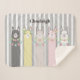 The product design features an illustration of retro colourful decorated llamas. This adorable animal design with white stripes makes a cute modern and unique small Sherpa blanket with personalised text and background colour.
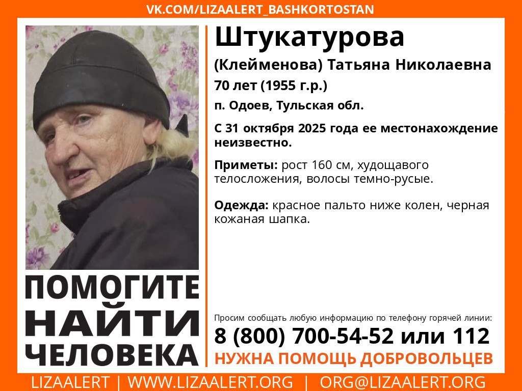Всех, кто имеет информацию о местонахождении Татьяны, просят связаться с поисковиками по номеру, указанному в ориентировке.
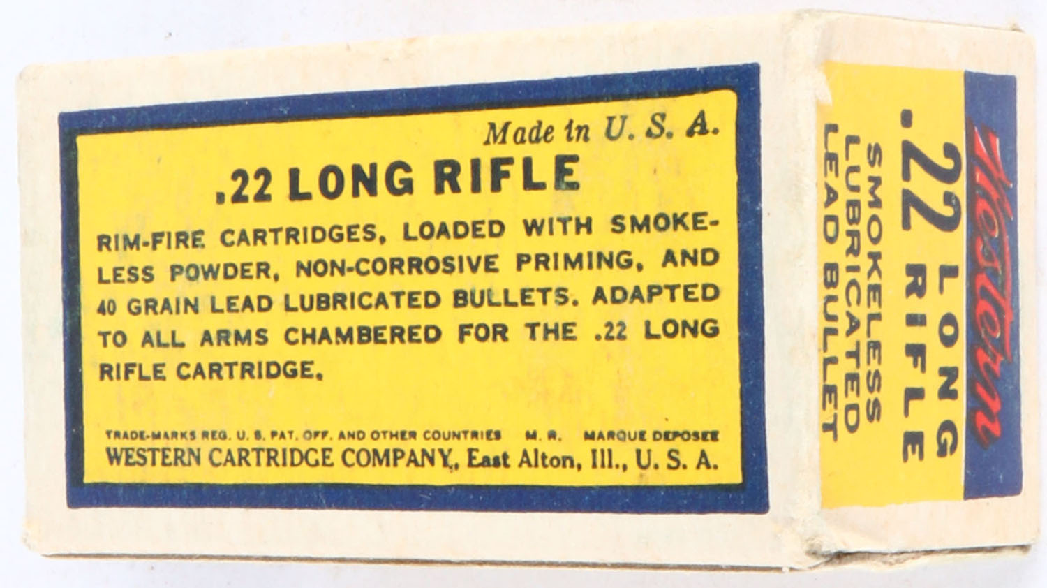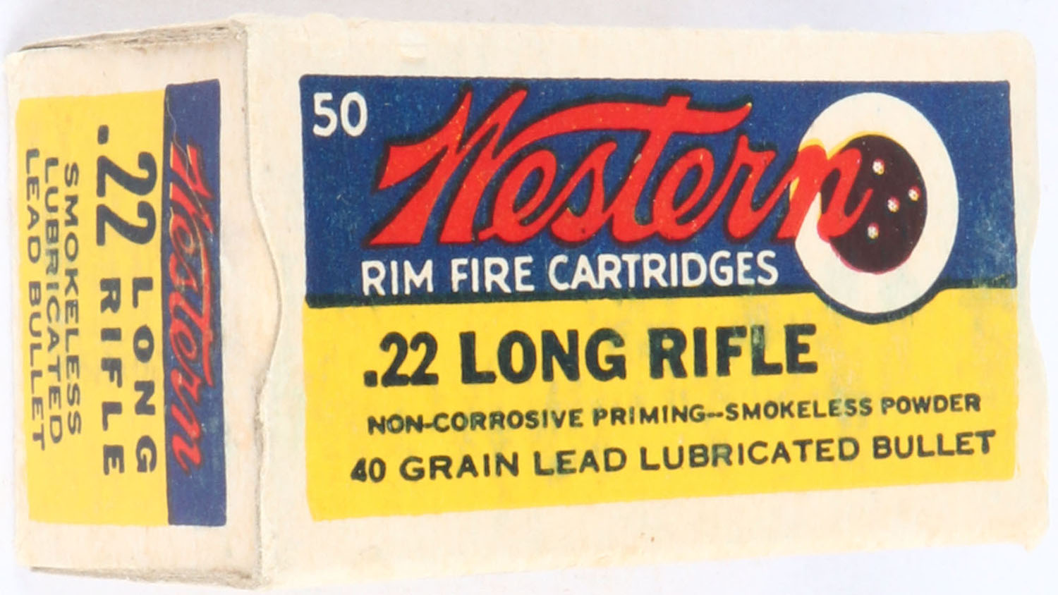 Western, Rim Fire Cartridges, .22 Long Rifle, Smokeless, RHWeb: WCC-4.3B LR-1e, Army Lot 485 - 1941, Full, 1pc. Yellow blue & red bullseye box, box is solid with excellent color, very minor age soiling, very minor edge & corner wear, end flaps are solid, ammo is excellent. Grade: Excellent + - Value: 10 to 50
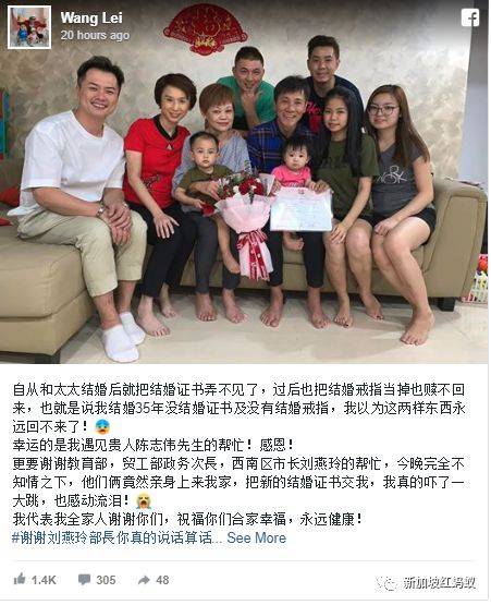事后,王雷也在面簿发文感谢陈志伟和刘燕玲的帮忙,感叹:“我以为这两样东西永远回不来了!” 如今,他们刚好在情人节和3月18日的结婚纪念日前重获了两样宝贵的爱情证明,真的是最好的礼物!
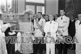 El Conde de Vallellano, Carmen Polo, Posada Cacho y Franco durante la inauguración de escuelas.
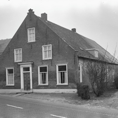 Boerderij van het Langstraatse type, met aan de voorzijde een tuitgevel, bekroond door een toppilaster; de ingang versierd met pilasters en een kroonlijst. Aan de achterzijde afgewolfd zadeldak, belegd met pannen. Begin 19e eeuw.
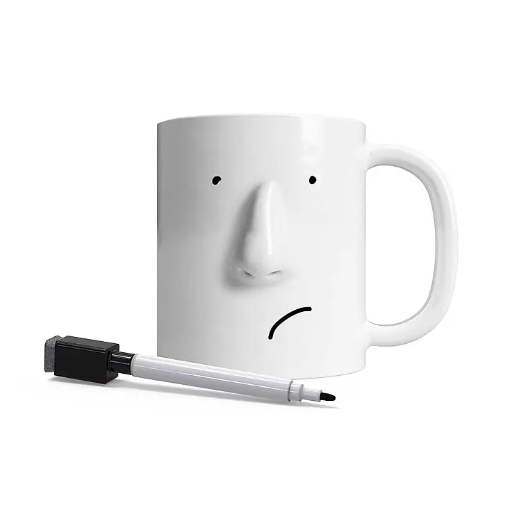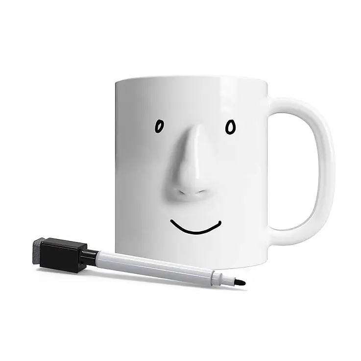 Wie fühlst du dich heute? Sage es der Welt, indem du ein Gesicht auf diese originelle Tasse mit Nase zeichnest. Enthält Stift mit Abwischteil, damit du es jederzeit ändern kannst.
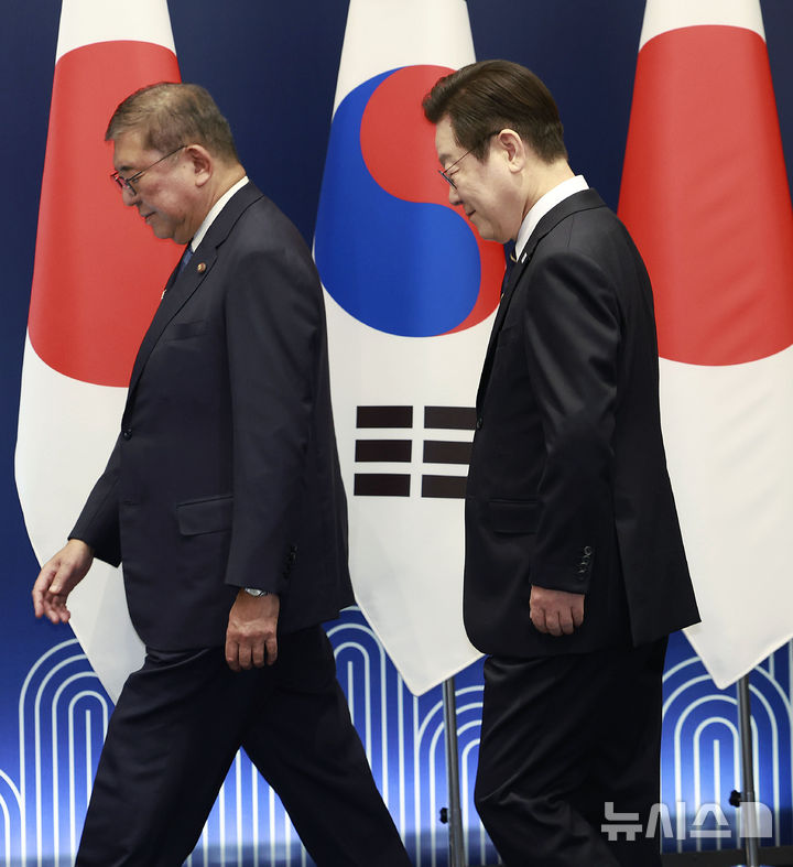 韓日首脳会談:記念撮影する李在明大統領と石破茂首相(17/17)
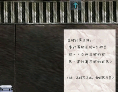 末日公寓内部有四个场景,在超级智能电脑BOX场景中地上我们可以看到一张纸,纸上写着区时的计算方法。来到打印机场景,在这个场景中可以发现一张世界地图,点击地图可以看到提示“12小时制,它能指明下一条路(中-日-英-澳-美)”。这时手机上显示的是15:00,根据区时的计算方法依次算出日、英、澳、美此时的时间并换算成12小时制就可以得到密码34752。
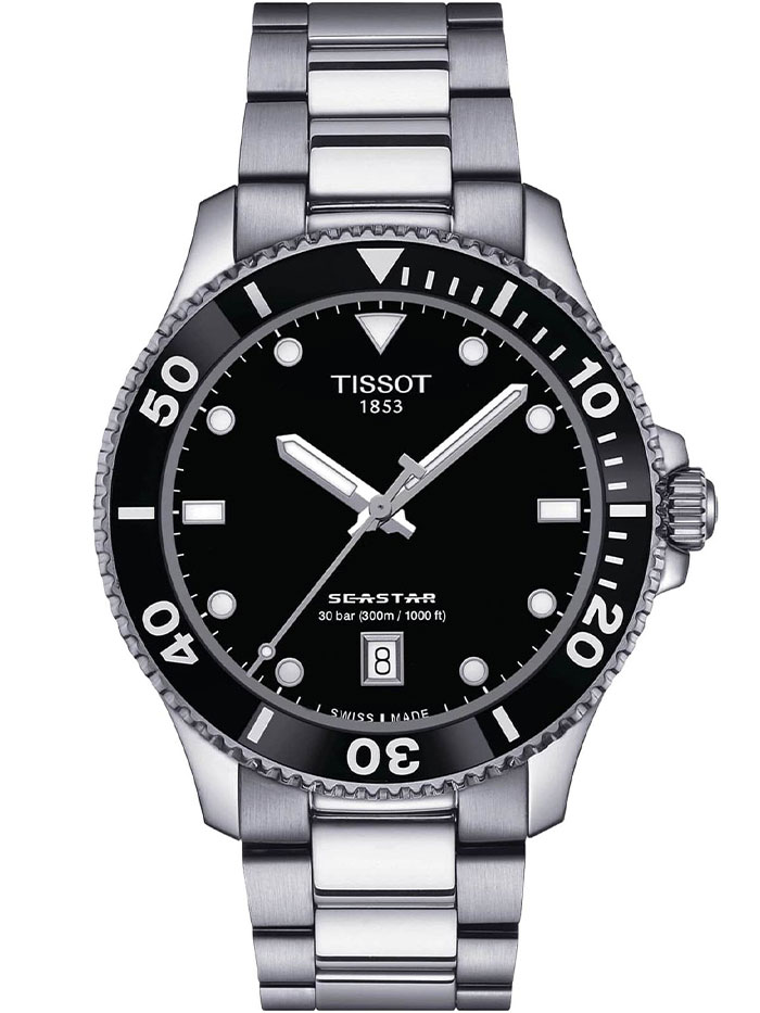 Мужские кварцевые наручные часы TISSOT Seastar 1000 T120.410.11.051.00 коллекции T Sport. Калибр механизма — ETA F06.412. На данной модели отображается текущая дата. Стрелки и метки покрыты люминесцентным напылением Super-LumiNova® (светятся в темноте). Сапфировое стекло с антибликовым покрытием, устойчивое к появлению царапин. Завинчивающиеся заводная головка и задняя крышка. Однонаправленный вращающийся безель с вставкой из минерального стекла. Стальной браслет с системой быстрой замены.Водонепроницаемость WR300 (30 атм). Размеры корпуса: (ШxТ) 40x10 мм. Гарантийный срок — 3 года (1 год от производителя + 2 года от магазина).
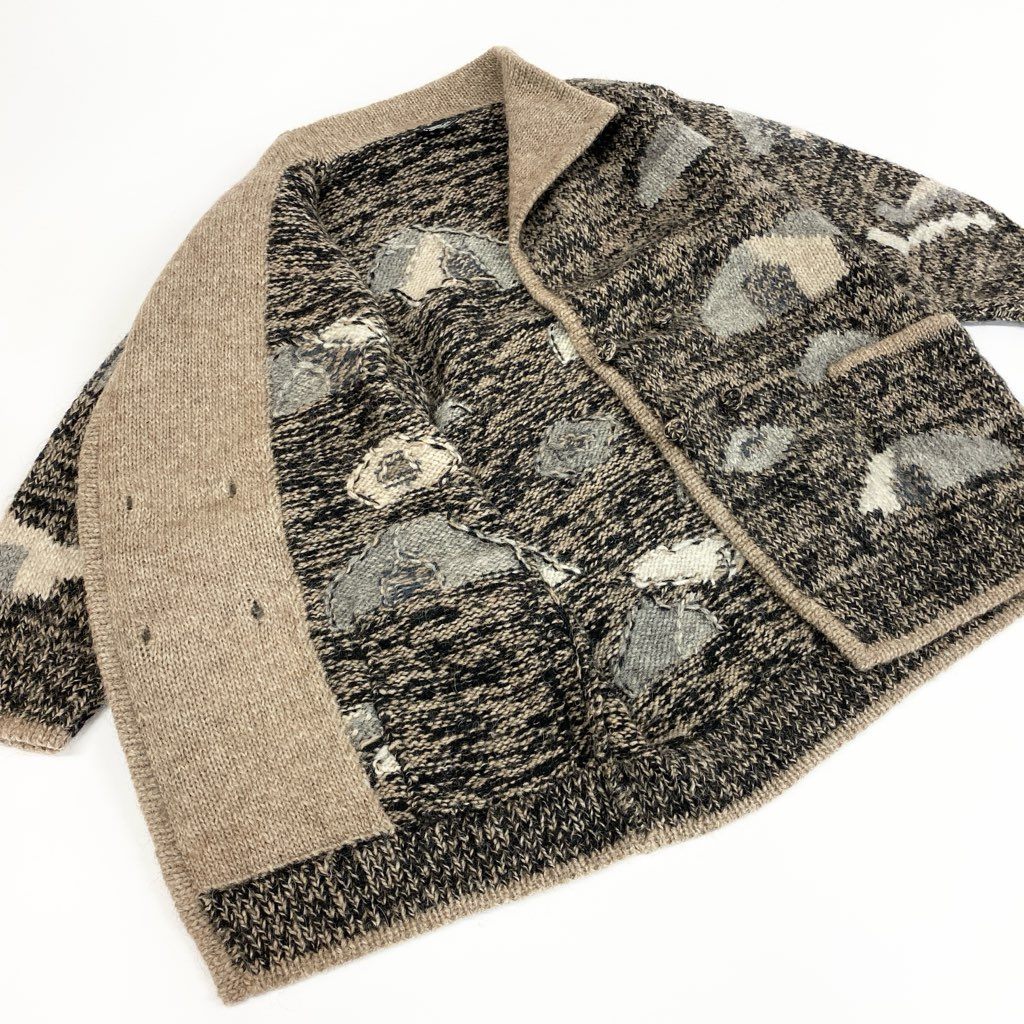 34l24 SIROGOJNO シロゴイノ ヴィンテージ ハンドニットジャケット サイズM 茶系 ピュアウール マケドニア製t18r
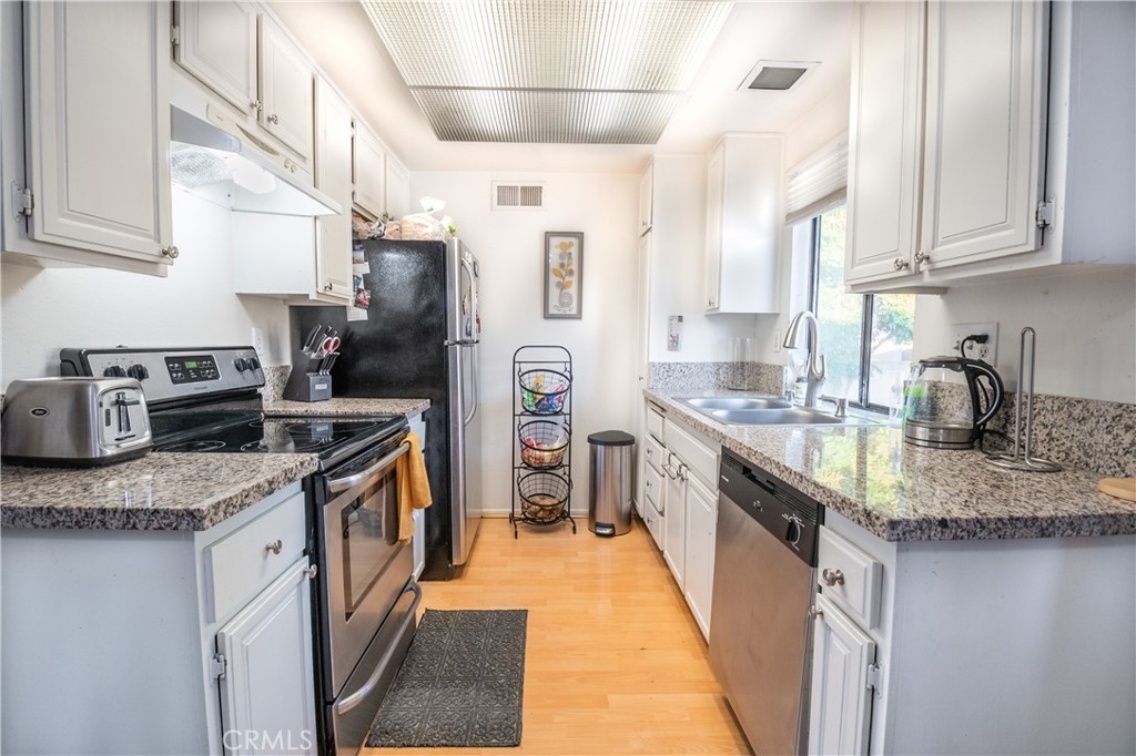 This recently upgraded home in the gated community of Briarcliff Village of Tustin offers an open floorplan with spacious living room, adjacent dining area open to a bright and sunny kitchen with granite countertops, white cabinets, and stainless steel appliances. The bathroom cabinetry and fixtures have also been upgraded. The balcony/deck off the living room is spacious enough for lounging and BBQ. Washer/Dryer hookups are located in the direct access garage and a convenient second dedicated enclosed parking space is adjacent to the garage. This condo has all the living area upstairs with its staircase having direct access from the garage door (with opener). HOA Dues covers all of the exterior building including the roof. The community amenities include a pool and spa area. The home has convenient access to the 55/I-5 freeways, shopping, local schools (including Foothill High!) and just a few blocks away from the charm and convenience of Tustin’s historic Old Town.

## What the task requires:
Extract, without any images, the part of the material above that opens with the line containing "Boerderij van het" and closes with the line containing "韓日首脳会談:記念撮影する李在明大統領と石破茂首相(17/17)", both lines included.

## Exercise response:
 Boerderij van het Langstraatse type, met aan de voorzijde een tuitgevel, bekroond door een toppilaster; de ingang versierd met pilasters en een kroonlijst. Aan de achterzijde afgewolfd zadeldak, belegd met pannen. Begin 19e eeuw.
 Wie fühlst du dich heute? Sage es der Welt, indem du ein Gesicht auf diese originelle Tasse mit Nase zeichnest. Enthält Stift mit Abwischteil, damit du es jederzeit ändern kannst.
 韓日首脳会談:記念撮影する李在明大統領と石破茂首相(17/17)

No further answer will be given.